Personal information
- Full name: Caoimhe Margaret Perdue
- Born: 4 May 2000 (age 26) Cashel, Ireland

Sport
- Sport: Field hockey
- Position: Defender

National team
- Years: Team / Caps / Goals
- 2019–2022: Ireland U–21 / 10 / (3)
- 2022–: Ireland / 0 / (0)

Medal record
Women's field hockey
Representing Ireland
FIH Nations Cup
| Silver medal – second place | 2023–24 Terrassa |  |

= Caoimhe Perdue =

Irish field hockey player

Caoimhe Perdue (born 4 May 2000) is a field hockey player from Ireland.

==Personal life==
Caoimhe Perdue was born and raised in Cashel, County Tipperary.

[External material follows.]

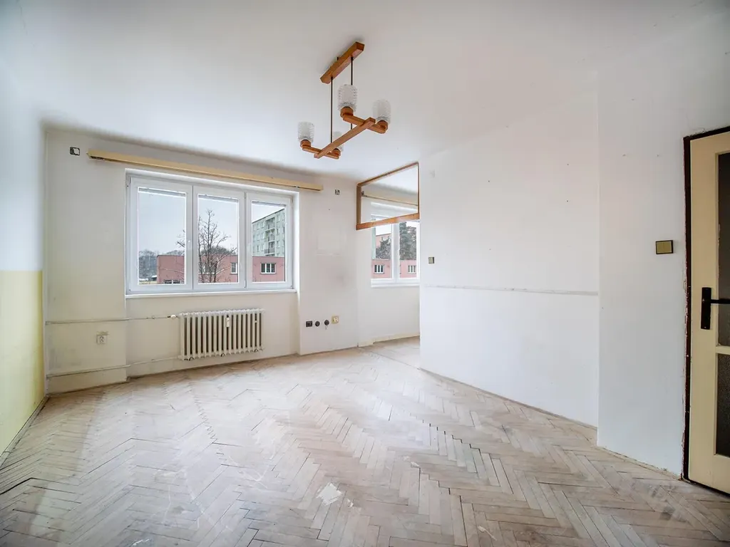Byt má 52 m2 celkové plochy, a to včetně dvou sklepů (celkem 4 m2) a nachází se ve druhém podlaží domu, okna jsou plastová, orientovaná na jih ke komunikaci. Obývák má 18 m2, ložnice 16 m2 – tyto místnosti dělí dvoje dveře a chodba bytu, takže v ložnici neuslyšíte, jak v obýváku je puštěná televize.

She is currently a student at University College Cork, where she studies Nutritional Sciences.

==Career==
===Under–21===
Perdue made her debut for the Ireland U–21 team in 2019 at the EuroHockey Junior Championship in Valencia.

In 2022, she captained the team at the FIH Junior World Cup in Potchefstroom.

===National team===
Following her successful career in the junior squad, Perdue was named in the national team for the 2022 FIH World Cup in Terrassa and Amsterdam.